At its peak, THG attracted millions of dollars from some of the best-known venture capital firms, including Softbank, with its market valuation jumping to over $8 billion before crashing down as investors started to worry about its poor corporate governance, including a controversial “golden share” that protects the company from a takeover, its earnings, business size, and its claims.
Thanks to efforts by the company to beef up its corporate governance and improve transparency around its small but fast-growing platform business, Ingenuity, the share price has stabilised.
In addition, a £200 million investment into a huge new warehouse in Manchester, so that THG can handle an expected boom in e-commerce orders, as well as “numerous” rejected early-stage takeover bids, have also helped its shares stabilise above their 72 pence March low.

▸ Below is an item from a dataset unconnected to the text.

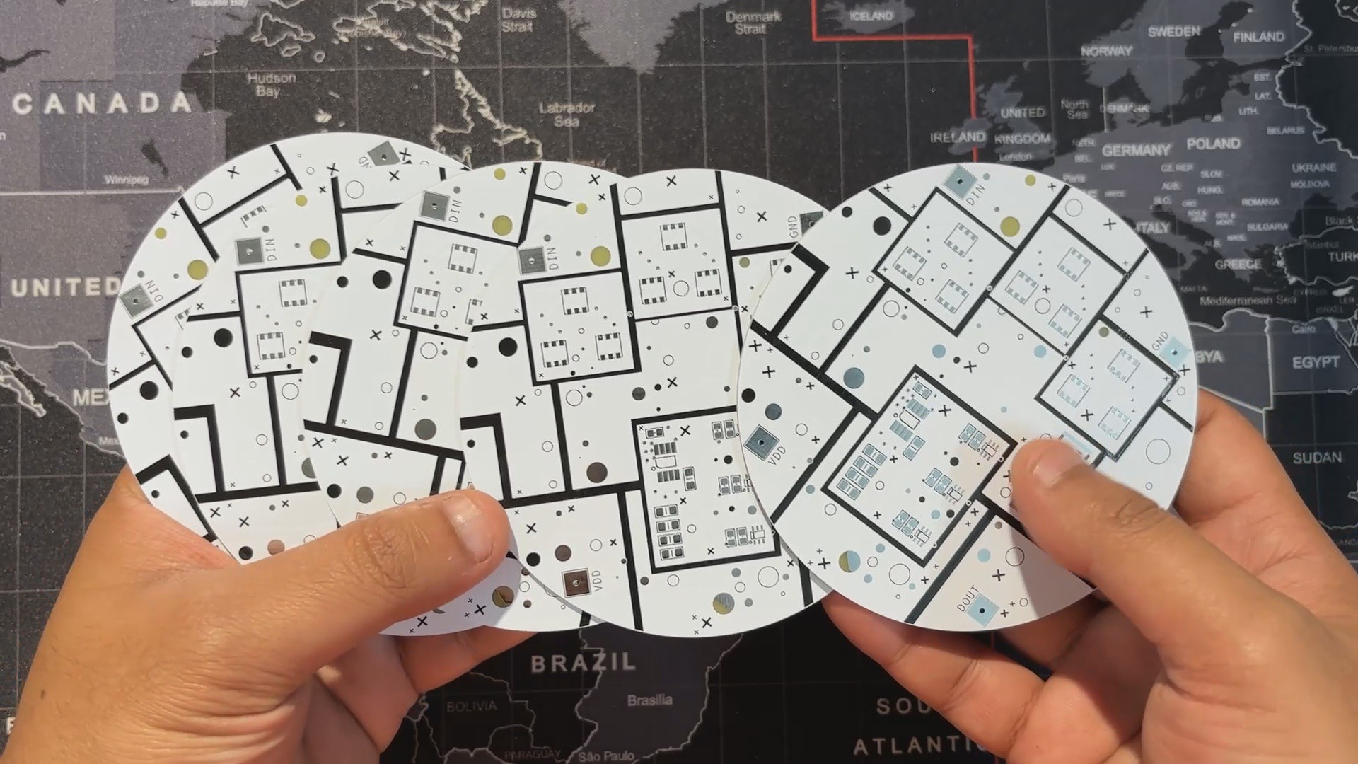 We added a CON1 connector with four pins to access VCC, GND, DIN, and DOUT, giving us complete support for daisy-chaining multiple Giant Neopixels if needed. To protect the LEDs and regulate brightness, we also placed current-limiting resistors between VCC and the anodes of the RGB LEDs.

The automated warehouse, which houses over 250 robots and is already partially operational, can process up to 500,000 items a day so that it can deal with a mammoth £14 billion of orders a year for the group's online beauty websites, including Lookfantastic, Cult Beauty and Espa.
The embattled founder and chief executive of THG, Matt Moulding, wants to open similar warehouses in New Jersey and Dubai alongside existing ones in Melbourne and Poland as part of his global strategy. Full-year (FY) results for 2021 showed adjusted earnings before interest, tax, depreciation and amortisation of £161.3 million and a group gross margin of 44.7%.

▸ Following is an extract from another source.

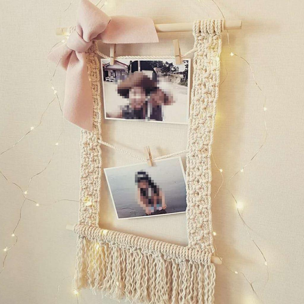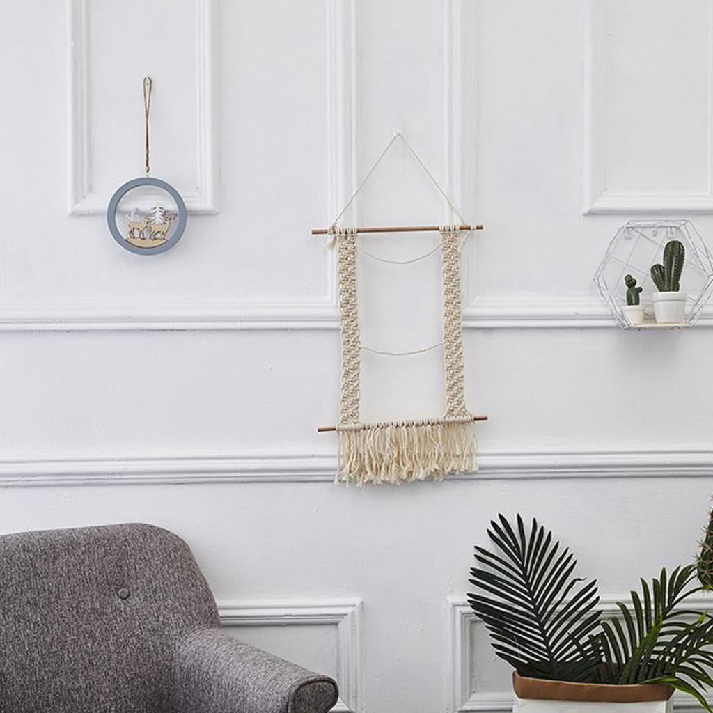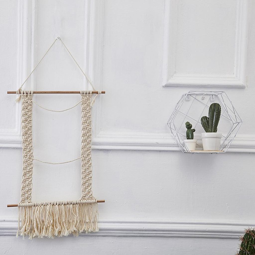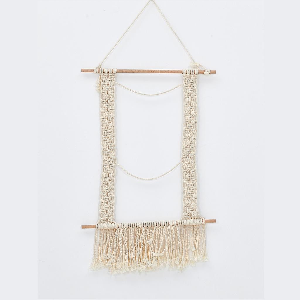 Macrame wall hanging is set on wood dowel with high quality ECO cotton rope.

For the current year, the UK ecommerce group expects adjusted profit to be “broadly in line” with 2021. This represents a downgrade from analyst expectations of £206 million due to higher-than-expected cost inflation which was only partially offset by raising its own prices. The company’s forecast for sales growth of close to 25 per cent remains in place.

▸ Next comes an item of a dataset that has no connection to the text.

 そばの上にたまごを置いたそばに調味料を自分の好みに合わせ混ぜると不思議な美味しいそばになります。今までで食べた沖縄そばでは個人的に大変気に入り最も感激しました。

Moulding has told City investors he would move from the standard to the premium segment of the London Stock Exchange “at the appropriate time”. The shift, which would allow its shares to be included in FTSE indices, was one of several measures announced during 2021 in response to the slide in its share price. He also said he would unwind a “special share” takeover defence more quickly than planned and recently appointed media veteran, Lord Allen as a non-executive chair, calling time on Moulding’s tenure as chair and chief executive.
THG’s technical share price picture looks encouraging
With the THG share price gunning for its 119 pence April peak, the odds are increasing that a saucer bottom is in the process of being formed.
This technical chart pattern has the shape of a rounding bottom and would be confirmed by a rise and daily chart close above the 143p February high.
An advance above the 143p level should then trigger a move towards the 235p January peak, a rise above which would have the 200-day simple moving average (SMA) at 284p in focus.
Immediate upside pressure should be maintained while the THG’s share price stays above last week’s low at 102p. Below it a two-month uptrend line can be seen at 94p and the last major reaction low at 87p.
Only a currently unexpected slip through the uptrend line and 87p low would not bode well for the bulls and probably provoke a sell-off back to the 72p March trough and below.